For years, when it came to financial transactions and other mission-critical data transfers, the idea of delivering high availability meant an exercise in hardware redundancy and came from companies like IBM and Tandem, now part of Hewlett-Packard. It was expensive, because this dates back to a time when companies did not buy multiple computers for a single application. Assured availability required proprietary hardware and software to operate two systems so that when one stopped working the application would “fail over” to the other. When all you have is a hammer – hardware redundancy – every problem looks like a nail. But in today’s world of scale out systems, cloud services and the ability to swipe a credit card with companies like Amazon.com AWS to get inexpensive web services at scale, there are more options to consider for configuring availability at the platform level. However, not all of the architectural options can guarantee availability of an application on these larger cloud systems. So does a focus on uptime need to happen through expensive hardware or less expensive software-based services?
Companies like Stratus Technologies, who pioneered the early days of always-on computing as “Stratus Computer”, are starting to deliver always-on solutions for redundancy through software running on off-the-shelf cloud hardware. It’s supports the concept called Software Defined Availability (paper here),which fits nicely into the construct of the software-defined datacenter.
Years ago, redundancy was enforced for higher end financial systems and transactional processing like ATM cash disbursement through massive systems that cost millions to acquire and even more to keep in operation through expensive services. The financial model gravitated around the idea that the highest quality hardware, with built-in redundant components was the best financial hedge on downtime. Expensive data communications links coupled with a small number of expensive redundantly configured systems capable of delivering the right number of “9’s” for up-time were the only options available..
Times have changed. Merchant clouds like Amazon.com AWS are a massive set of redundant hardware resources designed to react to flexible businesses needs. When opportunity knocks, businesses grab that brass ring; they can’t afford to mortgage the future being tied down to expensive hardware when the opportunity may be highly profitable but also fleeting. While many watched the Super Bowl this past weekend, the play on the field quickly paled in comparison to the annual festival of high end ads. And with a blowout on the field, distracted viewers might engage with those advertisers at a higher than expected level. These types of opportunities can be massive – and short-lived, so high capacity with low system downtime is essential.
More and more our society is focusing on the fast impact –from business decisions to social media. Clearly capitalizing on the short term is in the wheelhouse of cloud-based service providers. And when it comes to capitalizing on changes in the business environment, fault tolerance is critical as businesses are expecting to monetize these changing dynamics. As the market shifts, it is important to make sure that the business is “always on”, ready to capture that demand. Fast-moving software-based solutions might help businesses capitalize on opportunity, but without availability, it may become an exercise in futility.
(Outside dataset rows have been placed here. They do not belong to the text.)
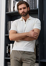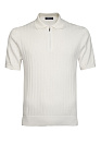 Поло из хлопка Пима (Pima cotton) с добавлением шелка и льна. Ткань очень мягкая и приятная на ощупь, легкая, прочная и устойчива к сминанию. Застежка на молнию. Цвет молочный с объемными полосами. Вертикальный орнамент делает силуэт визуально более стройным.
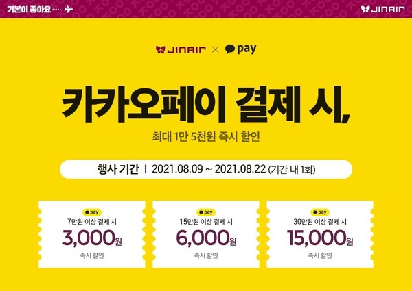 진에어가 22일까지 진에어 홈페이지 및 모바일 앱∙웹에서 카카오페이로 일정 금액 이상을 결제하면 최대 1만 5000원 할인 혜택을 제공하는 '카카오페이 결제 할인 프로모션'을 진행한다.
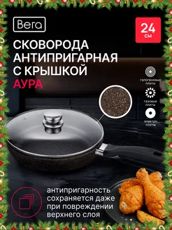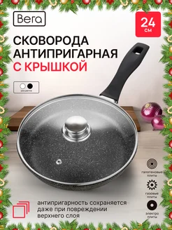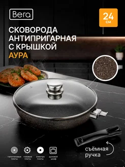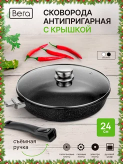 Сковорода антипригарная с крышкой со съемной ручкой 24 см
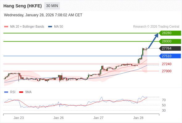 在 27510 之上,看涨,目标价位为 28000 ,然后为 28280 。
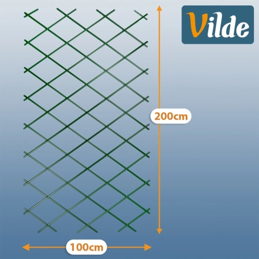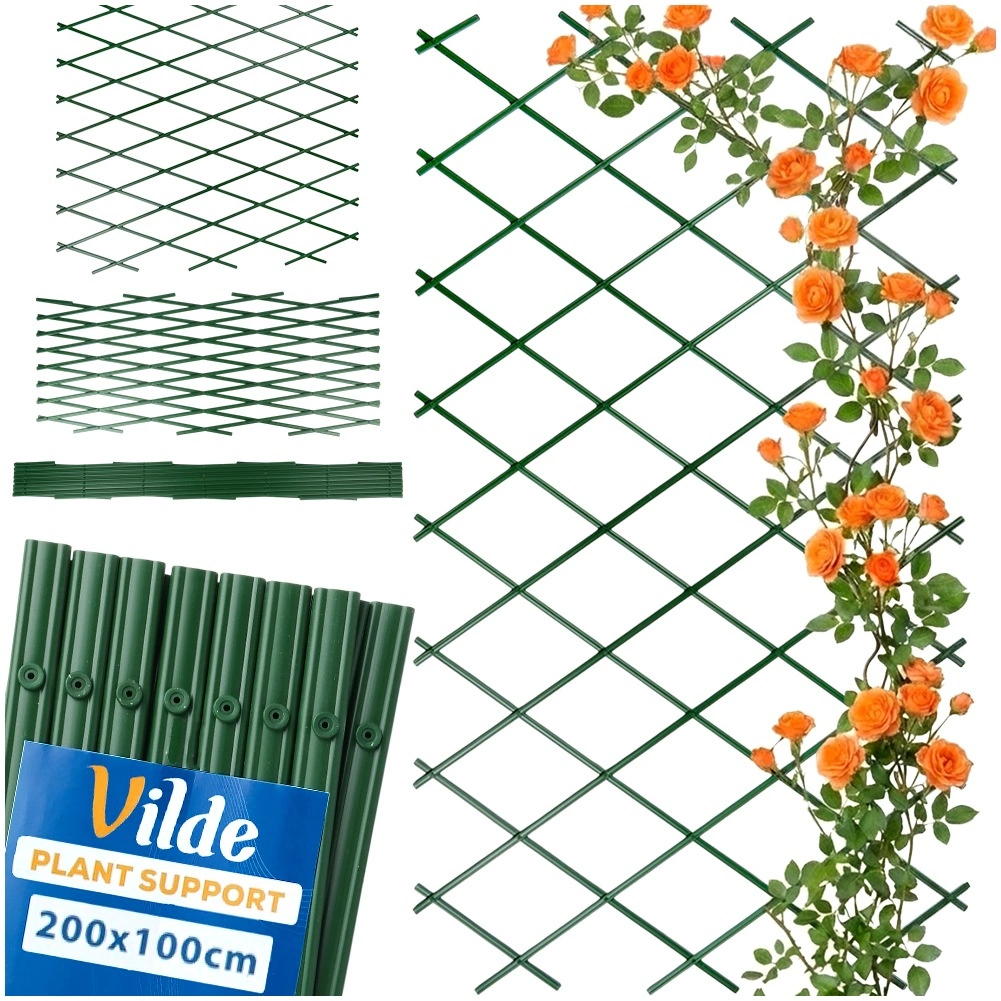 A practical garden trellis for climbing plants measuring 200 × 100 cm featuring a folding/expandable design, durable plastic construction, and easy installation. Ideal for roses, ivy, grapevines, and other climbers in the garden, on balconies, or terraces. In green, it blends naturally with the surroundings and helps guide plants upward for healthy growth and decorative appeal.

This is specifically why the software-focused infrastructure needs greater reliability.
If you buy into why a datacenter might need a lower-cost, higher availability solution, how does IT go about actually implementing this?
Clearly there is the more manual process where the IT department takes the ownership to design the architecture that achieves the right level of availability with a minimal cost (if it is even possible for them to drive the right metrics on those two vectors.) Or you they can step outside of the data center and move to a cloud-based service like Amazon.com AWS, manually stitching together all of the compute, storage and networking with the right provisional models to ensure the level of availability that you need. But this may prove to be just as problematic as trying the same exercise within your data center.
But a more realistic solution might be a company like Stratus who focuses their effort on building highly available systems that work at the software level. By leveraging the open source OpenStack platform, Stratus’s solutions are far more flexible than many of the high availability solutions of the past that focused mainly on the hardware or a proprietary operating system. The two dimensions that SDA focuses on are the control plane (which directs the actions and helps enforce the redundancy) along with the operations plane (which is doing all of the heavy lifting by processing the actual transactions.)
With an agile control plane like Stratus can deliver, whether it is in the data center or through their cloud services, applications are “always on”, regardless of the underlying hardware status. This allows IT to leverage far more cost-effective industry-standard server platforms that could help lower both the acquisition and operational costs, and frees up capital for that next business opportunity down the line.